August 24, 2010, 8:06 AM — Hewlett-Packard's $1.6 billion offer today to purchase grid-storage vendor 3Par came as a surprise to many tech industry watchers, but it's a smart move, both offensively and defensively.
HP does not have its own enterprise-class storage array; instead -- like Oracle/Sun -- it resells Hitachi Data Systems' Universal Storage Platform (USP). And it sees Dell -- which offered $1.15 billion for 3Par a week ago -- as a threat in the enterprise data center marketplace. 3Par's cloud-based storage architecture would give it a significant leg up into that space.
HP's chief strategy and technology officer, Shane Robison, argued that HP would be a better fit for Fremont, Calif.-based 3Par than Dell, since both HP and 3Par are Silicon Valley companies.
HP had been eying 3Par for some time and had made an earlier offer for the grid-storage vendor, HP executives said, though they did not provide further details.
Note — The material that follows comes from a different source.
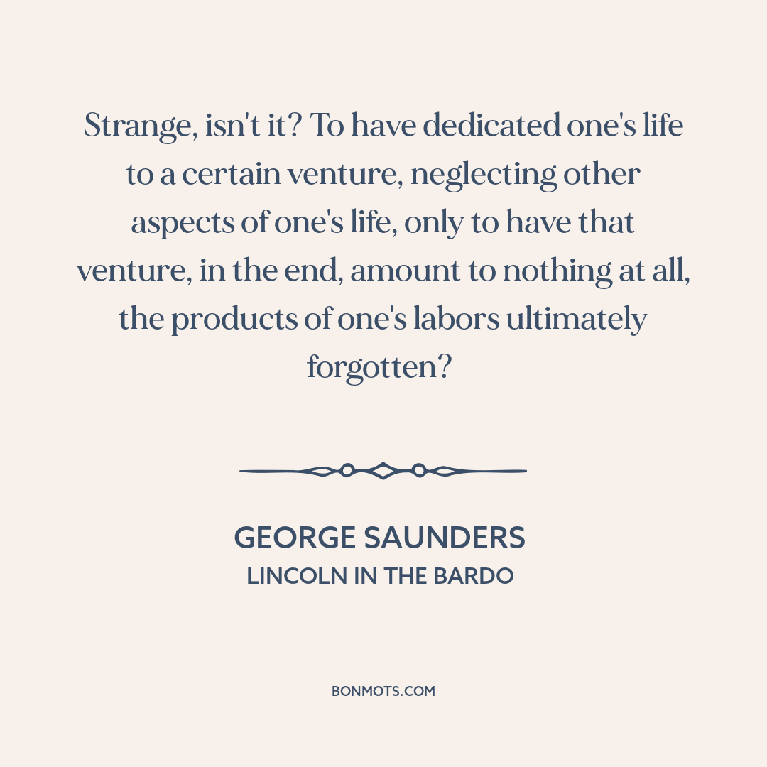 Strange, isn't it? To have dedicated one's life to a certain venture, neglecting other aspects of one's life, only to have that venture, in the end, amount to nothing at all, the products of one's labors ultimately forgotten?

3Par declined comment on HP's bid. So did a Dell spokesman.
"Clearly, when you go in with a bid that's a 33.3% premium [over a rival's bid] it's a competitive bid and not based on what the company is worth," said Mark Peters, an analyst at Enterprise Strategy Group in Milford, Mass. "So it's going to end up with who blinks first. Which company wants to lose this bidding war less?"
3Par's technologies will help HP expand its offerings for building public and private cloud services, according to Dave Donatelli, HP's executive vice president and general manager of enterprise servers, storage and networking.
In addition, HP has "a unique ability" to bring 3Par's products to market. "Our reach is something other [companies] simply can't match," he said during a morning conference call.
A gut punch to EMC
Donatelli once ran EMC's Storage Division. He left EMC and moved to HP in April 2009.